What is being asked
The entries below must be restated word for word.

____

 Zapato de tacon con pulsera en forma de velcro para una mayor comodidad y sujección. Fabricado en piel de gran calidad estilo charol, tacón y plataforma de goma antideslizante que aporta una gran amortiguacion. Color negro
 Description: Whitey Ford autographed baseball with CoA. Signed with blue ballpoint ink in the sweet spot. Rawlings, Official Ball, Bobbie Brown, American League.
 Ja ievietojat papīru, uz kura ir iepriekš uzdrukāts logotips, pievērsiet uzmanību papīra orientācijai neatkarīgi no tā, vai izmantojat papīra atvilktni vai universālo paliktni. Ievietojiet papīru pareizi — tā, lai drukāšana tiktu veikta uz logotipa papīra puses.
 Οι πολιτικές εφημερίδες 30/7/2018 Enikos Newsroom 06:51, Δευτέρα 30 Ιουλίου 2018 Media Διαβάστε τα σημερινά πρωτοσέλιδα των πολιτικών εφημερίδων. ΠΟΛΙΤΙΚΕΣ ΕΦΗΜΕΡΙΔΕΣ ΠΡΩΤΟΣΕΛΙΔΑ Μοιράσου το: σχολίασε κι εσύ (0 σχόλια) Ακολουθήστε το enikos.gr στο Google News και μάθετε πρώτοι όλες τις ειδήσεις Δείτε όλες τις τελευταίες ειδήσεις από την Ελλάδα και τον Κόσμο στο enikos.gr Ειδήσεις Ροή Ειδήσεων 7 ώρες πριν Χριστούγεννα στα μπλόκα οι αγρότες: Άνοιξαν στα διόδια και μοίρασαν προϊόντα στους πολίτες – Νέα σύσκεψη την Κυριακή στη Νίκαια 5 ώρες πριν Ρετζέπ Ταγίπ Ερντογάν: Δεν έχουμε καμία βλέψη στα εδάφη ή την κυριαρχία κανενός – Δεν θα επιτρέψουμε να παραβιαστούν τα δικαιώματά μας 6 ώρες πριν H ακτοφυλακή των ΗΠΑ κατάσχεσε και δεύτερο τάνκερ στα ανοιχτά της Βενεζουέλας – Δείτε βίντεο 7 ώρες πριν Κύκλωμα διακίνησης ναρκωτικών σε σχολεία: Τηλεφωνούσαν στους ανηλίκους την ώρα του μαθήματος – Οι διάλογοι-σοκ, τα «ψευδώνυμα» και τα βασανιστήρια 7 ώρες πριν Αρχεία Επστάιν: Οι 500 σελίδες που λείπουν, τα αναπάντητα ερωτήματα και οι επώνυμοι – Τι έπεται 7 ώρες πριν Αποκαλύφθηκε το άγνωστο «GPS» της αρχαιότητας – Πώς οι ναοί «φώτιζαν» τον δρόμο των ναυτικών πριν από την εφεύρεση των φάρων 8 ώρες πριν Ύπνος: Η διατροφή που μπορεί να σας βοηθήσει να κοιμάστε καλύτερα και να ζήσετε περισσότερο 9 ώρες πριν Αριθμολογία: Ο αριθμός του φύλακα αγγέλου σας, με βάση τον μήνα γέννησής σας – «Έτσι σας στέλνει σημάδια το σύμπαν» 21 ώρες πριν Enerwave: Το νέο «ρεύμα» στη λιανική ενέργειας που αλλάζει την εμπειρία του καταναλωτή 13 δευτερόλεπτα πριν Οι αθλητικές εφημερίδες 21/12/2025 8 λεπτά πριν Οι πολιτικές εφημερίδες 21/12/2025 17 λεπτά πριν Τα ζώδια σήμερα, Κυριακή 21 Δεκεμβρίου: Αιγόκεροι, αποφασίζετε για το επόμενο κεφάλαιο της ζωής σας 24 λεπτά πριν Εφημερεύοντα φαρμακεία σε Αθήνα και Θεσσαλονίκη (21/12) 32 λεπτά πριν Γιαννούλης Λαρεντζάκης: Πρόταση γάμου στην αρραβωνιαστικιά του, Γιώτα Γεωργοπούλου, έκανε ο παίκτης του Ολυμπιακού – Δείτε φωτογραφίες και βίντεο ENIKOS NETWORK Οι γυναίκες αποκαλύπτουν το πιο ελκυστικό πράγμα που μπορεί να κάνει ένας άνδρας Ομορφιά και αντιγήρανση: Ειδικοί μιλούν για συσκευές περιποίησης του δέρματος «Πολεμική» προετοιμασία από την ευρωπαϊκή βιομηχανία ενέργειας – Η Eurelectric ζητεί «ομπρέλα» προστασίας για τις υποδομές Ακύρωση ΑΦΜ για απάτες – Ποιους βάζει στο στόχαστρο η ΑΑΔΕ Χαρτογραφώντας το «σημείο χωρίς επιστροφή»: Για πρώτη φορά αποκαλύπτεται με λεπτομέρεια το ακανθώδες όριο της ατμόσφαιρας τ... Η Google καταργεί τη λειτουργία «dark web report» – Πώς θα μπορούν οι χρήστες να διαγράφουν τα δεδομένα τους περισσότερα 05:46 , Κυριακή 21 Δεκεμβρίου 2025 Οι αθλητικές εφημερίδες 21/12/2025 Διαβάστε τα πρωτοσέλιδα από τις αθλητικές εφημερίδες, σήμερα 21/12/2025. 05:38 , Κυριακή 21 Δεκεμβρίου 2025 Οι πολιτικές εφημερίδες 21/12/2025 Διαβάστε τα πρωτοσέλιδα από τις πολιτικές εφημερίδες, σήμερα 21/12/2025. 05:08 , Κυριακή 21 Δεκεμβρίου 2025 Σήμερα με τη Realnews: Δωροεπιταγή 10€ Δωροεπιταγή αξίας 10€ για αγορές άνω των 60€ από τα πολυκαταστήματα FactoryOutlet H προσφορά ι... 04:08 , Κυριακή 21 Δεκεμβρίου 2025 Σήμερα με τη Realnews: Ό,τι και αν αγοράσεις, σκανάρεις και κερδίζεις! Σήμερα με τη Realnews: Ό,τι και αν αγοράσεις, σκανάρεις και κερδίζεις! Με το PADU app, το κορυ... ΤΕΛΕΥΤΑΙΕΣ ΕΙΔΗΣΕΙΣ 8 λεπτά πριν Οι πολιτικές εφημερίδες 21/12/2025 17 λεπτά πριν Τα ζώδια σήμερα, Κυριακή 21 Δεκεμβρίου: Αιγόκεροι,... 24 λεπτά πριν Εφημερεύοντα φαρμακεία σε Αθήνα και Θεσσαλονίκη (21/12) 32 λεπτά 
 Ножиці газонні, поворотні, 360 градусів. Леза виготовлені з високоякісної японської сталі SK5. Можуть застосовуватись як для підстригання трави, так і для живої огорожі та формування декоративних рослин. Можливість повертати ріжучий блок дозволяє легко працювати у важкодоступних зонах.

____

Exercise response
 Zapato de tacon con pulsera en forma de velcro para una mayor comodidad y sujección. Fabricado en piel de gran calidad estilo charol, tacón y plataforma de goma antideslizante que aporta una gran amortiguacion. Color negro
 Description: Whitey Ford autographed baseball with CoA. Signed with blue ballpoint ink in the sweet spot. Rawlings, Official Ball, Bobbie Brown, American League.
 Ja ievietojat papīru, uz kura ir iepriekš uzdrukāts logotips, pievērsiet uzmanību papīra orientācijai neatkarīgi no tā, vai izmantojat papīra atvilktni vai universālo paliktni. Ievietojiet papīru pareizi — tā, lai drukāšana tiktu veikta uz logotipa papīra puses.
 Οι πολιτικές εφημερίδες 30/7/2018 Enikos Newsroom 06:51, Δευτέρα 30 Ιουλίου 2018 Media Διαβάστε τα σημερινά πρωτοσέλιδα των πολιτικών εφημερίδων. ΠΟΛΙΤΙΚΕΣ ΕΦΗΜΕΡΙΔΕΣ ΠΡΩΤΟΣΕΛΙΔΑ Μοιράσου το: σχολίασε κι εσύ (0 σχόλια) Ακολουθήστε το enikos.gr στο Google News και μάθετε πρώτοι όλες τις ειδήσεις Δείτε όλες τις τελευταίες ειδήσεις από την Ελλάδα και τον Κόσμο στο enikos.gr Ειδήσεις Ροή Ειδήσεων 7 ώρες πριν Χριστούγεννα στα μπλόκα οι αγρότες: Άνοιξαν στα διόδια και μοίρασαν προϊόντα στους πολίτες – Νέα σύσκεψη την Κυριακή στη Νίκαια 5 ώρες πριν Ρετζέπ Ταγίπ Ερντογάν: Δεν έχουμε καμία βλέψη στα εδάφη ή την κυριαρχία κανενός – Δεν θα επιτρέψουμε να παραβιαστούν τα δικαιώματά μας 6 ώρες πριν H ακτοφυλακή των ΗΠΑ κατάσχεσε και δεύτερο τάνκερ στα ανοιχτά της Βενεζουέλας – Δείτε βίντεο 7 ώρες πριν Κύκλωμα διακίνησης ναρκωτικών σε σχολεία: Τηλεφωνούσαν στους ανηλίκους την ώρα του μαθήματος – Οι διάλογοι-σοκ, τα «ψευδώνυμα» και τα βασανιστήρια 7 ώρες πριν Αρχεία Επστάιν: Οι 500 σελίδες που λείπουν, τα αναπάντητα ερωτήματα και οι επώνυμοι – Τι έπεται 7 ώρες πριν Αποκαλύφθηκε το άγνωστο «GPS» της αρχαιότητας – Πώς οι ναοί «φώτιζαν» τον δρόμο των ναυτικών πριν από την εφεύρεση των φάρων 8 ώρες πριν Ύπνος: Η διατροφή που μπορεί να σας βοηθήσει να κοιμάστε καλύτερα και να ζήσετε περισσότερο 9 ώρες πριν Αριθμολογία: Ο αριθμός του φύλακα αγγέλου σας, με βάση τον μήνα γέννησής σας – «Έτσι σας στέλνει σημάδια το σύμπαν» 21 ώρες πριν Enerwave: Το νέο «ρεύμα» στη λιανική ενέργειας που αλλάζει την εμπειρία του καταναλωτή 13 δευτερόλεπτα πριν Οι αθλητικές εφημερίδες 21/12/2025 8 λεπτά πριν Οι πολιτικές εφημερίδες 21/12/2025 17 λεπτά πριν Τα ζώδια σήμερα, Κυριακή 21 Δεκεμβρίου: Αιγόκεροι, αποφασίζετε για το επόμενο κεφάλαιο της ζωής σας 24 λεπτά πριν Εφημερεύοντα φαρμακεία σε Αθήνα και Θεσσαλονίκη (21/12) 32 λεπτά πριν Γιαννούλης Λαρεντζάκης: Πρόταση γάμου στην αρραβωνιαστικιά του, Γιώτα Γεωργοπούλου, έκανε ο παίκτης του Ολυμπιακού – Δείτε φωτογραφίες και βίντεο ENIKOS NETWORK Οι γυναίκες αποκαλύπτουν το πιο ελκυστικό πράγμα που μπορεί να κάνει ένας άνδρας Ομορφιά και αντιγήρανση: Ειδικοί μιλούν για συσκευές περιποίησης του δέρματος «Πολεμική» προετοιμασία από την ευρωπαϊκή βιομηχανία ενέργειας – Η Eurelectric ζητεί «ομπρέλα» προστασίας για τις υποδομές Ακύρωση ΑΦΜ για απάτες – Ποιους βάζει στο στόχαστρο η ΑΑΔΕ Χαρτογραφώντας το «σημείο χωρίς επιστροφή»: Για πρώτη φορά αποκαλύπτεται με λεπτομέρεια το ακανθώδες όριο της ατμόσφαιρας τ... Η Google καταργεί τη λειτουργία «dark web report» – Πώς θα μπορούν οι χρήστες να διαγράφουν τα δεδομένα τους περισσότερα 05:46 , Κυριακή 21 Δεκεμβρίου 2025 Οι αθλητικές εφημερίδες 21/12/2025 Διαβάστε τα πρωτοσέλιδα από τις αθλητικές εφημερίδες, σήμερα 21/12/2025. 05:38 , Κυριακή 21 Δεκεμβρίου 2025 Οι πολιτικές εφημερίδες 21/12/2025 Διαβάστε τα πρωτοσέλιδα από τις πολιτικές εφημερίδες, σήμερα 21/12/2025. 05:08 , Κυριακή 21 Δεκεμβρίου 2025 Σήμερα με τη Realnews: Δωροεπιταγή 10€ Δωροεπιταγή αξίας 10€ για αγορές άνω των 60€ από τα πολυκαταστήματα FactoryOutlet H προσφορά ι... 04:08 , Κυριακή 21 Δεκεμβρίου 2025 Σήμερα με τη Realnews: Ό,τι και αν αγοράσεις, σκανάρεις και κερδίζεις! Σήμερα με τη Realnews: Ό,τι και αν αγοράσεις, σκανάρεις και κερδίζεις! Με το PADU app, το κορυ... ΤΕΛΕΥΤΑΙΕΣ ΕΙΔΗΣΕΙΣ 8 λεπτά πριν Οι πολιτικές εφημερίδες 21/12/2025 17 λεπτά πριν Τα ζώδια σήμερα, Κυριακή 21 Δεκεμβρίου: Αιγόκεροι,... 24 λεπτά πριν Εφημερεύοντα φαρμακεία σε Αθήνα και Θεσσαλονίκη (21/12) 32 λεπτά 
 Ножиці газонні, поворотні, 360 градусів. Леза виготовлені з високоякісної японської сталі SK5. Можуть застосовуватись як для підстригання трави, так і для живої огорожі та формування декоративних рослин. Можливість повертати ріжучий блок дозволяє легко працювати у важкодоступних зонах.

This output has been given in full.